At a meeting two weeks ago, a subcommittee of Milwaukee's Board of Education unanimously approved the Alliance School's proposal to serve sixth, seventh, and eighth graders. The proposal gained unanimous approval from the full board by default when the item was not pulled for further discussion or a vote at last night's meeting. Alliance School lead teacher Tina Owen said the public charter school will begin accepting new applicants eligible for middle school in the 2009-2010 school year immediately.
Milwaukee's response to gay-friendly schools has been much different from other cities'. In Chicago, community leaders' concerns about creating a gay-friendly high school stalled plans to bring such a proposal before the city's school board. In New York City, protesters greeted students of the gay-friendly Harvey Milk High School in Manhattan's East Village on its first day of classes five years ago. But in Milwaukee, the Alliance School's birth as a high school and expansion to serve middle school students passed with no real opposition. Calls from social service organizations and parents urging Owen to create the middle school more quickly are the only responses she has received from the community, Owen said.
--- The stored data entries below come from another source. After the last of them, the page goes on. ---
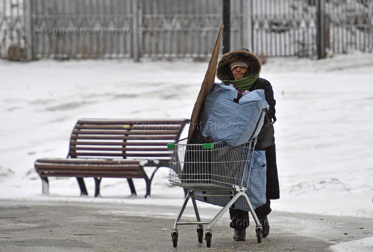 Виды Москвы после снегопада. Жанровая фотография. Женщина везет тележку с вещами.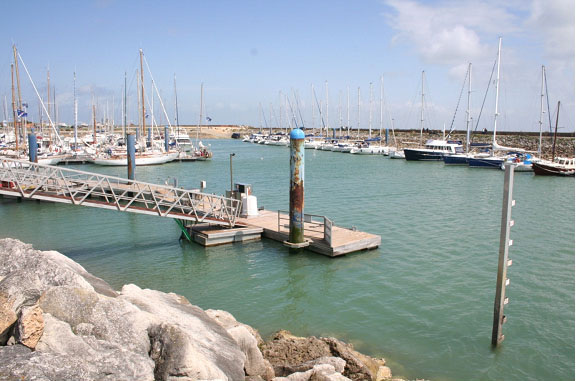 The arrivals pontoon in front of the Capitaine with the tide gauge in the foreground.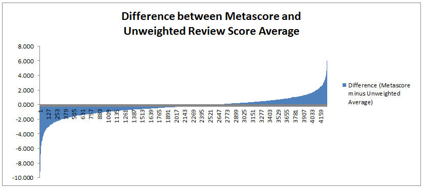 Overall Metacritic’s metascore doesn’t differ much from an unweighted average. And if it does differ, it tends to skew slightly negative.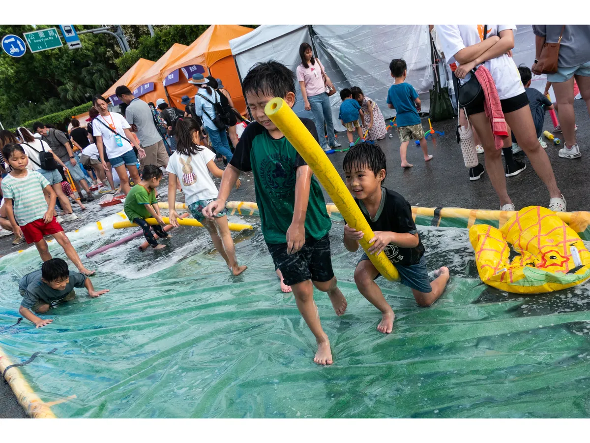 在現場的小朋友可說是非常縱情地用「遊戲」在對抗馬路,不只要按照自己的方式玩,更要在寬敞、無車的大街上玩!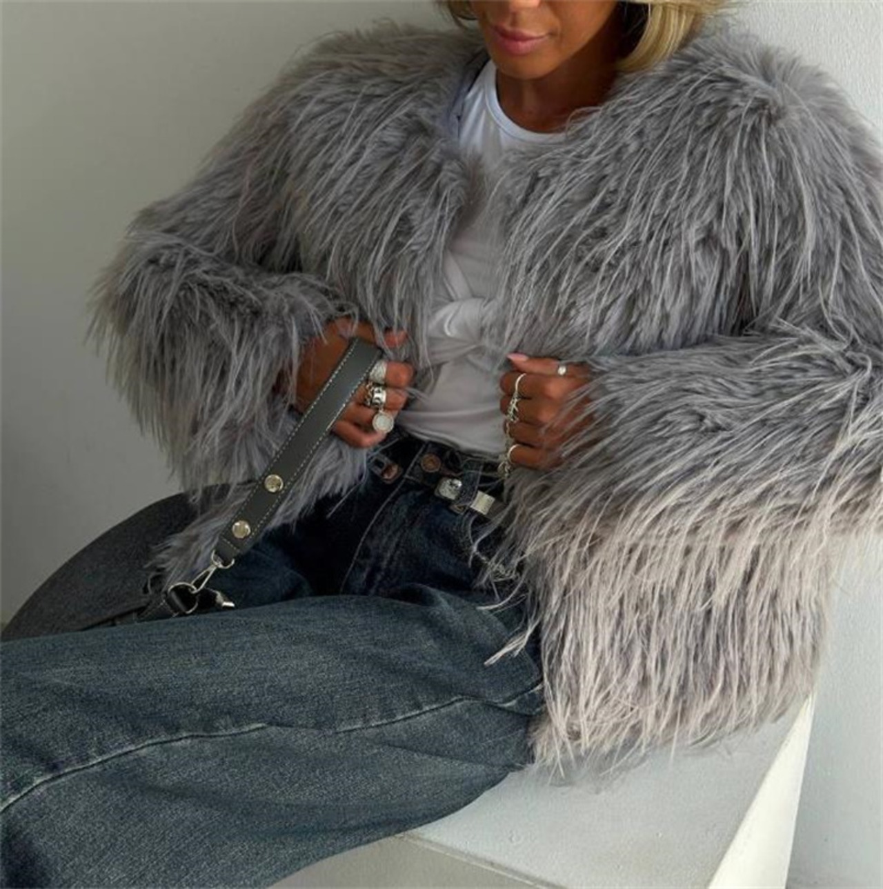 フェイクファー あったかショートジャケット ゆったりデザイン

Before helping to create the Alliance School four years ago, Owen worked in another Milwaukee high school and advised its Gay Straight Alliance club. She heard horror stories from students who were being verbally and physically harassed on a daily basis because of their sexuality or gender identification. Research conducted by the Gay Lesbian Straight Education Network indicates that students across the country are experiencing the same trauma. A GLSEN study on school climate found that 86.2 percent of youth who identify themselves as other than heterosexual were verbally harassed in the past year and that 22.1 percent were also victims of physical assaults at school.